Au moindre doute, il faut réaliser un enregistrement du sommeil. Examen qui doit être fait par un collègue compétent qui sait lire les tracés (il ne faut pas se fier à l’analyse automatique !).

Le traitement par PPC (pression positive continue) reste la référence en première intention.

Les syndromes anxio dépressifs

 

Très fréquents, 10 % de la population.

Le problème avec cette pathologie réside dans le fait que même dans une situation de syndrome anxio dépressif léger à modéré (très fréquents !) il y aura une altération de la qualité du sommeil et des symptômes d’asthénie marquée.

Il ne faut pas hésiter à se servir d’auto-questionnaires pour cerner la situation d’un patient (Pichot asthénie, Pichot dépression, HAD, Beck).

C’est aussi la seule situation dans laquelle on va avoir de véritables insomnies ET de véritables épisodes de somnolence diurne excessive. Ça peut aider au diagnostic.

Les traitements en cours

 

Il est évident que certains traitements peuvent avoir des effets sédatifs (antalgiques, anxiolytiques, etc.) d’où la fatigue… .

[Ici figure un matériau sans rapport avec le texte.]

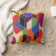 This throw pillow has a Bauhaus design of overlapping hexagons of many colors.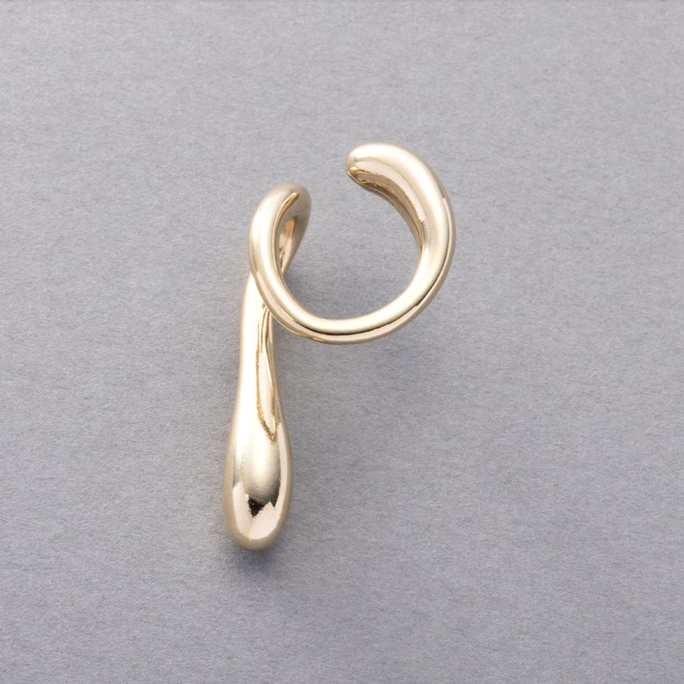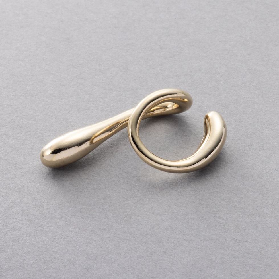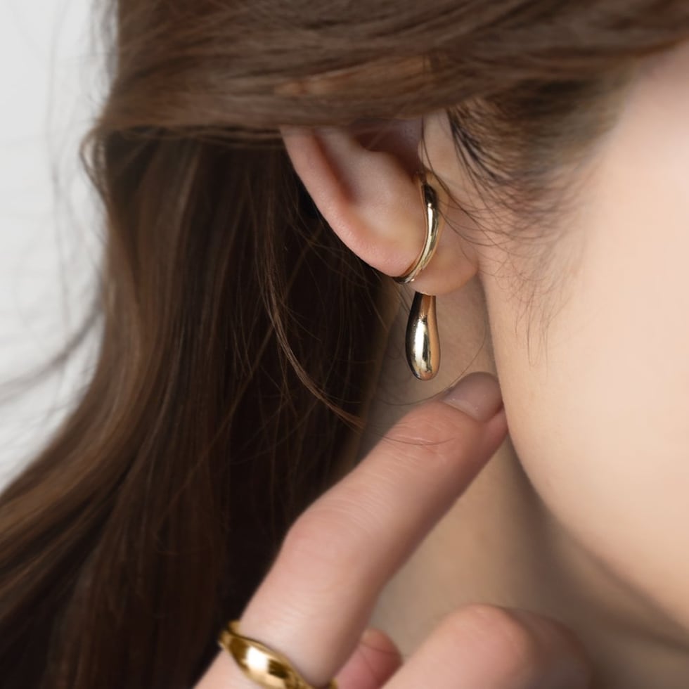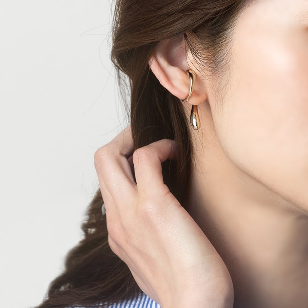 レイヤードのようなデザインの片耳用イヤーカフ。耳の後ろから覗くドロップがニュアンスたっぷりで周りと差のつくデザイン。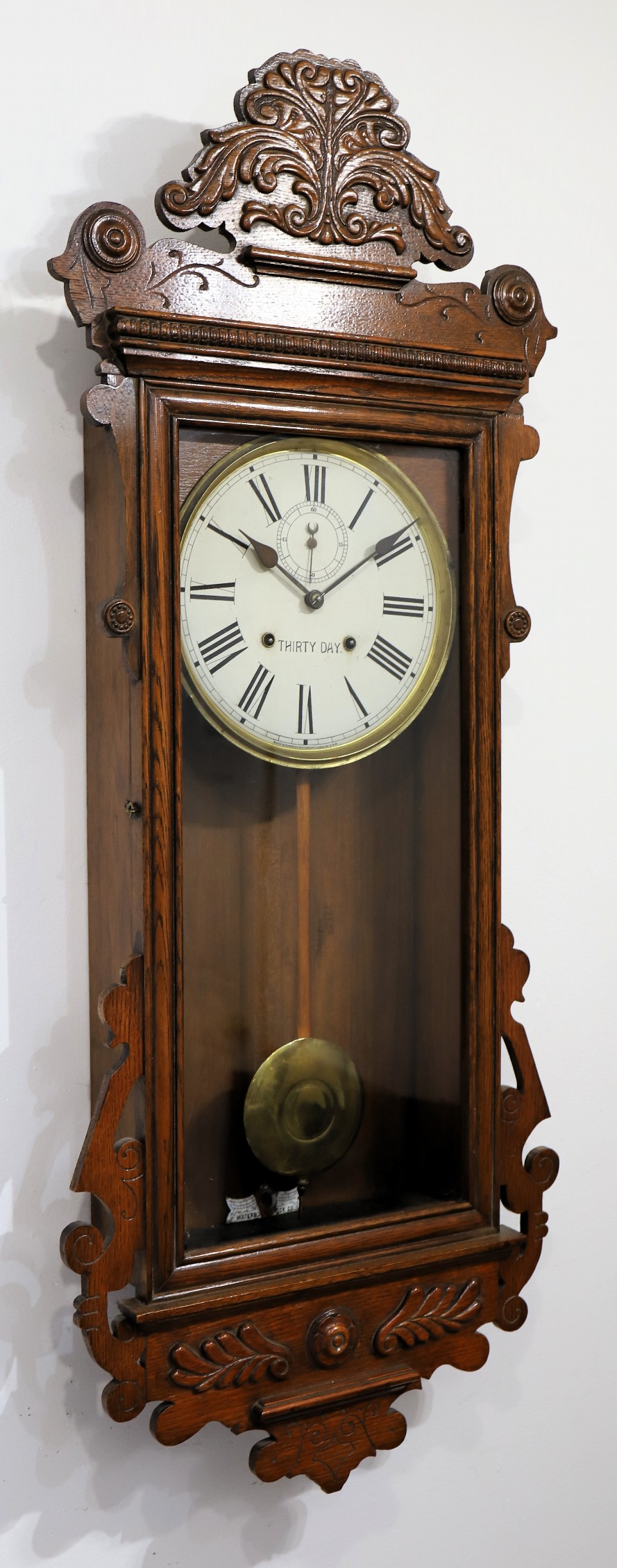 & Watches, page 202). The 30-day spring-driven, double-wind movement is signed and running, regulated by a Waterbury pendulum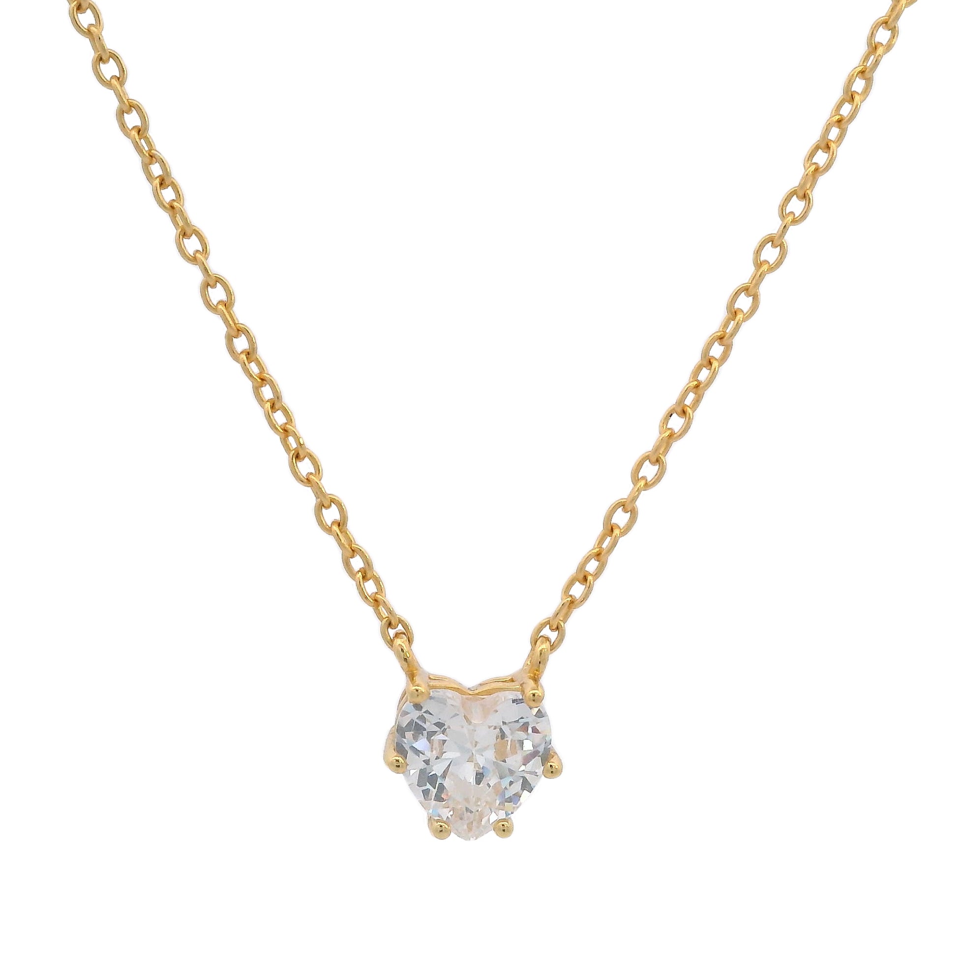 Crafted from 18k gold e-coated 925 sterling silver, this sweet necklace features a 6mm x 6mm sparkling cubic zirconia heart that catches the light with every move. It’s the perfect little token of love that’s as timeless as your feelings.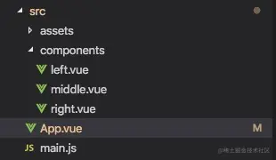 这里主要组件 分为左中右 三个组件,我们后续代码也在这三个组件中实现。
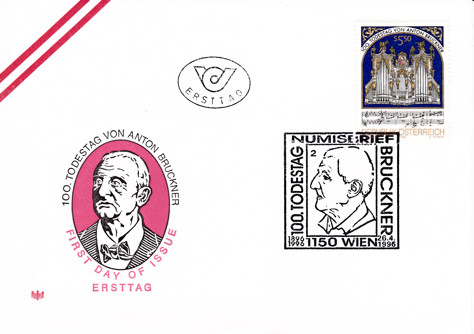 Auch in Österreich gab es zum 100. Todestag von Anton Bruckner eine Marke (MiNr 2184. Im Markenbild werden die Brucknerorgel, im Stift St. Florian und eine Notenhandschrift gezeigt.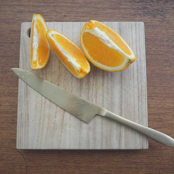 凛とした佇まいに惹かれ、憧れ続けてきたこのナイフ。使うのがもったいないと思いつつ、さっそくオレンジを切りました。果汁がほとんど出ないほどシュっと切れます。卓上でリンゴや梨などの皮をむいたり、スイーツなどを切り分けたりするときに使いやすいサイズです。お気に入りのナイフで気分よくお料理が出来そうなので普段からジャンジャン使っていきたいと思います。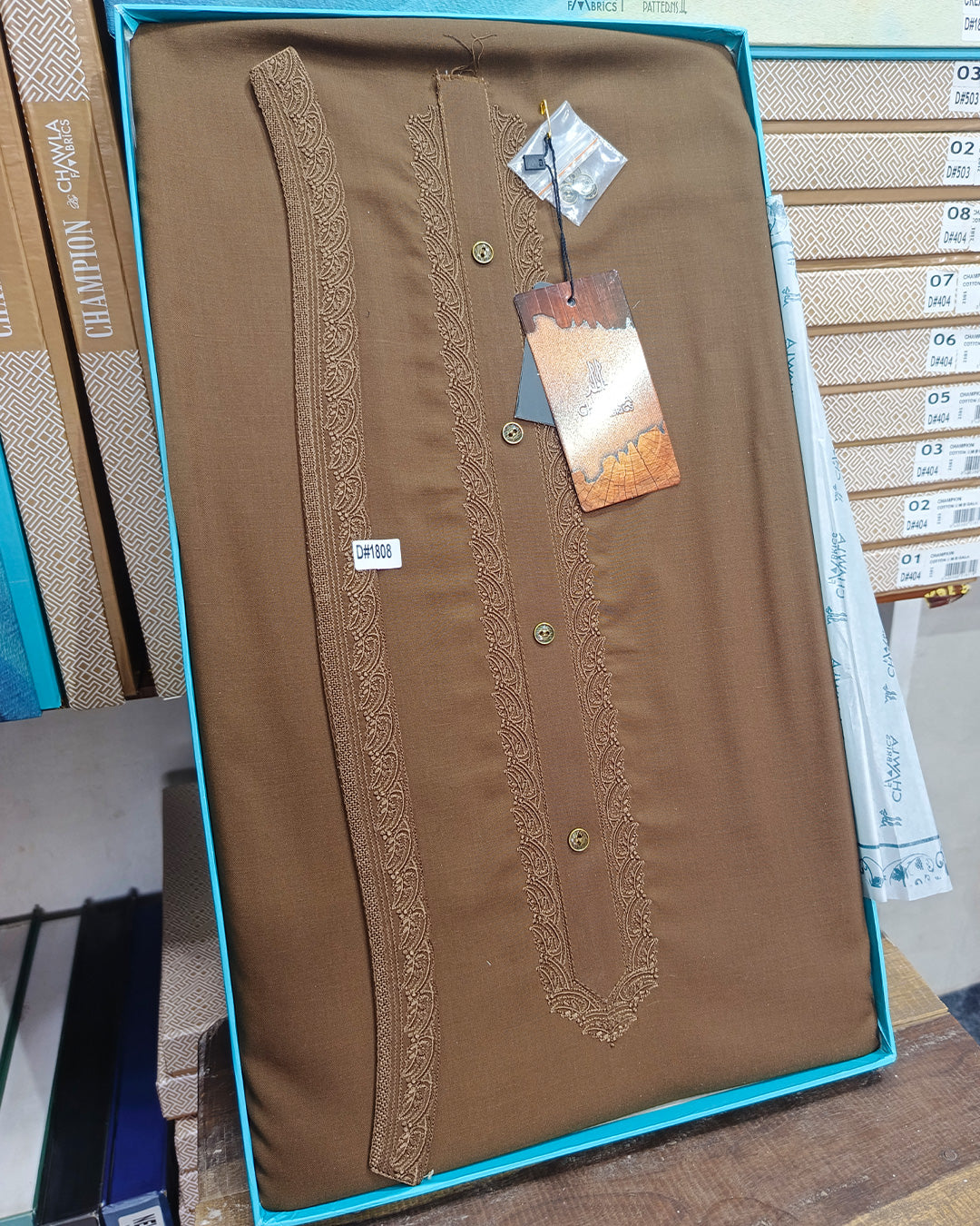 Step into classic elegance with the Brown Wash & Wear Embroidery Gala Ban Suit – Article 1808. Crafted for men who value style, comfort, and modern convenience, this suit features premium wash & wear fabric and delicate embroidery on the gala ban neckline, providing a polished, sophisticated traditional look with minimal effort.

Mais d’autres peuvent altérer la qualité du sommeil (cortisone, …).

Par ailleurs certains traitements orienteront vers des causes d’insomnies secondaires. Par exemple, un patient qui prend des antalgiques régulièrement vous dira finalement qu’il dort mal à cause de ses douleurs lombaires.

Le syndrome des jambes sans repos

 

Peu connu mais pourtant très fréquent puisque 8 à 10 % de la population souffrent de ce syndrome par intermittence.

Le diagnostic est très simple et prend 4 questions et 2 minutes.

Il s’agit d’un ou d’une patiente qui présente :

  • Des douleurs ou gênes dans les membres inférieurs,
  • Le soir,
  • Au repos,
  • Et soulagées par la marche.

Le plus souvent un antalgique simple (niveau 1 ou 2) suffit à soulager.

Quelques fois, dans 2 % des cas, il peut devenir permanent, insomniant et être alors une cause d’asthénie diurne. Il faudra envisager un traitement plus spécifique (agoniste dopaminergique), le spécialiste neurologue ou somnologue s’en chargera.

Voilà un rapide tour d’horizon de l’exploration du sommeil dans un contexte d’asthénie. Il faut prendre le temps d’une consultation pour le faire et cela vous permettra de résoudre un grand nombre de situations de fatigues inexpliquées au premier abord.